Library for genetic recombination and genomic sequences:
The use of libraries is widespread in research and in the pharmaceutical industry. In general, library construction involves many steps before the production of a final, usable library. Conventional approaches for generating recombinant sequence are limited by low integration and recombination frequencies. This invention developed a method of library construction that relies on genetic recombination and the availability of complete or partial genomic sequences, which provides a novel and more efficient method of library construction.
Genomic sequence libraries:
The present invention provides for a method for generating a directed, recombinant nucleic acid molecule. This invention also provides methods for producing fusion nucleic acid molecule capable of crossover recombination. This comprises (a) using two pairs of primers to amplify, separately, two double-stranded nucleic acid molecules by PCR; (b) combining amplification products with first primer of the first pair and second primer of second pair; and © amplifying the hybridized products to generate directed, recombinant fusion nucleic acid. This invention also provides for the use of adaptamers to design or manipulate fragments for recombination-directed library construction.

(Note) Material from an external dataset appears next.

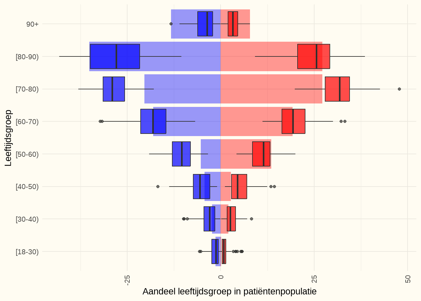 Om correcte vergelijkingen inzake zorgaspecten tussen ziekenhuizen en landen mogelijk te maken dient er rekening gehouden te worden met de belangrijkste kenmerken van hun dialysepatiëntenpopulatie. Leeftijd en geslacht zijn daar deel van. Onderstaande boxplot (Figuur 4.1) toont de volledige (HD en PD) populatie per leeftijdscategorie (in 10 jaarsintervallen) en per geslacht. De box plot (donker blauw en roos) toont het overzicht van alle ziekenhuizen terwijl de bar plot (in iets lichtere kleuren op de achtergrond) de leeftijdsverdeling in 1 bepaald ziekenhuis toont. Data van 1/1/2017-31/12/2021.
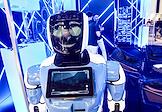 XI Петербургский международный газовый форум (ПМГФ–2022) в конгрессно-выставочном центре "Экспофорум". Жанровая фотография. Робот на выставочном стенде.

• Construct libraries for studying gene function
• Direct replacement of particular genes, which might aid future gene therapy development
• Two-hybrid library could be built to analyze linkage between genes and crosstalk of different pathways to potentially generate new leads for drug discovery
• Specific protein tags (GFP) could be engineered to fuse with all the proteins in an organism to screen for compounds that affect a series of genes
• Production of libraries can now be performed in a more efficient manner without use of intermediate host and without requiring ligation
• It allows a complete arrayed library to be formed rather than specific gene constructs
• The adaptamers are designed to be specific for just one other adaptamer and will not amplify any internal sequences, so new sequences can be fused to any other selected fragment
Patent Status: Patents Issued (US 5,942,422; US 6,291,213) ~ see links below.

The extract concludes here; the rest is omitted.